14 November 2017Print This Post

High Court: proportionality is about more than ‘damages v costs’

Proportionality: Not just a calculation of costs to damages

Proportionality involves more than simply comparing budgets with the size of the damages claimed, a High Court judge has made clear in deciding that costs management should be applied in a case worth £350m.

Ruling in the group litigation brought by thousands of investors against former directors of Lloyds Bank over its takeover of HBOS in 2008, Mr Justice Nugee said the defendants’ costs budgets, at £24m, amounted to only about 7% of the claim.

The defendants said that this meant proportionality did not need to be considered, but the judge disagreed.

He said this was only one test of proportionality and judges should look beyond “the overall cost of the proceedings compared to the overall amounts at stake and the complexity of the issues and the like [to] whether the proposed spending of money of that level is proportionate to the work that was involved”.

Nugee J went on: “So I am not satisfied that it is simply an answer to the proportionality challenges to say that the overall budget is not out of line with the amounts at stake”.

He said the application by the claimants for a costs management order (CMO) should not be determined on a “narrow textual construction” of CPR 3.15(2), but on whether litigation could be “conducted justly” and in accordance with the overriding objective, without an order being made.

In Sharp v Blank and others [2017] EWHC 141 (Ch) – a decision from January that has only just been published – Nugee J had previously ordered the production of budgets but not costs management.

He said it became “quite difficult” to distinguish reasonableness from proportionality, but he accepted that something could be reasonable, without being proportionate.

He said the claimants’ application should be determined on “whether the making of a costs management order would be something that is likely overall to save expense and thereby enable the court to deal with the case more justly and more in accordance with the overriding objective or whether it would really be a waste of money and not achieve anything that was worth the money that had to be spent on it”.

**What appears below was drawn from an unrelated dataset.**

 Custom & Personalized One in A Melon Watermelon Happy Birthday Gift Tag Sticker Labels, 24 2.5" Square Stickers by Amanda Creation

Nugee J said both parties agreed that the risk of the claimants having to pay the costs of the defendants, which “may well come in” at more than the £14.75m covered by the claimants’ after-the-event insurance, should be dealt with.

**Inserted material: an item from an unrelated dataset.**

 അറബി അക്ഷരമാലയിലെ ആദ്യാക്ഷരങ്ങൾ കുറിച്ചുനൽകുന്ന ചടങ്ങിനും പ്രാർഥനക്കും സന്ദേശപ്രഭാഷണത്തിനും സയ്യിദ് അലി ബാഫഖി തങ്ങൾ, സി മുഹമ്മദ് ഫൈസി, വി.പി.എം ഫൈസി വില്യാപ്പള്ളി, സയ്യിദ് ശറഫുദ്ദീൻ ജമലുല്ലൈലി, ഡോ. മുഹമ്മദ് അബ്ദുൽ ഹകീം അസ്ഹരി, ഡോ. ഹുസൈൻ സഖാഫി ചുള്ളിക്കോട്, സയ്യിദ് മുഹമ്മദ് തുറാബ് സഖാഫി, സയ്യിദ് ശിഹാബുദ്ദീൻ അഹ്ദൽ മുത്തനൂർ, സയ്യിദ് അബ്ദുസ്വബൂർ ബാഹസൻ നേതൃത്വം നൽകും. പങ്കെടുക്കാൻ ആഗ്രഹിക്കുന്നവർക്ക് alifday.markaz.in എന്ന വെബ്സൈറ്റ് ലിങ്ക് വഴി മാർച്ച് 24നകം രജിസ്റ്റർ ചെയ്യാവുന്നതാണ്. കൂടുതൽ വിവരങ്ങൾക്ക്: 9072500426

Otherwise, the individual claimants were exposed to the risk of having to contribute to the uninsured costs, while the defendants would be left with having to collect what could be relatively small sums from a very large number of individual claimants, given the terms of the group litigation order said they were not jointly liable for costs but only severally liable proportionate to their shareholdings.

Nugee J said the “real question” he had to grapple with was whether the claimants’ desire “to bring more certainty to the quantification of that risk” outweighed the inevitable cost of making a CMO, which could be around £250,000.

“I accept that that is a real and substantial cost… which would be avoided if the costs management order was not made.”

But Nugee J said a CMO could bring “much greater clarity” to the exposure the claimants faced, with a current costs budget of £24m, of which £14.9m was still to be incurred.

The judge acceded to the claimant’s application and directed that a costs management process should be undertaken by the Chief Master.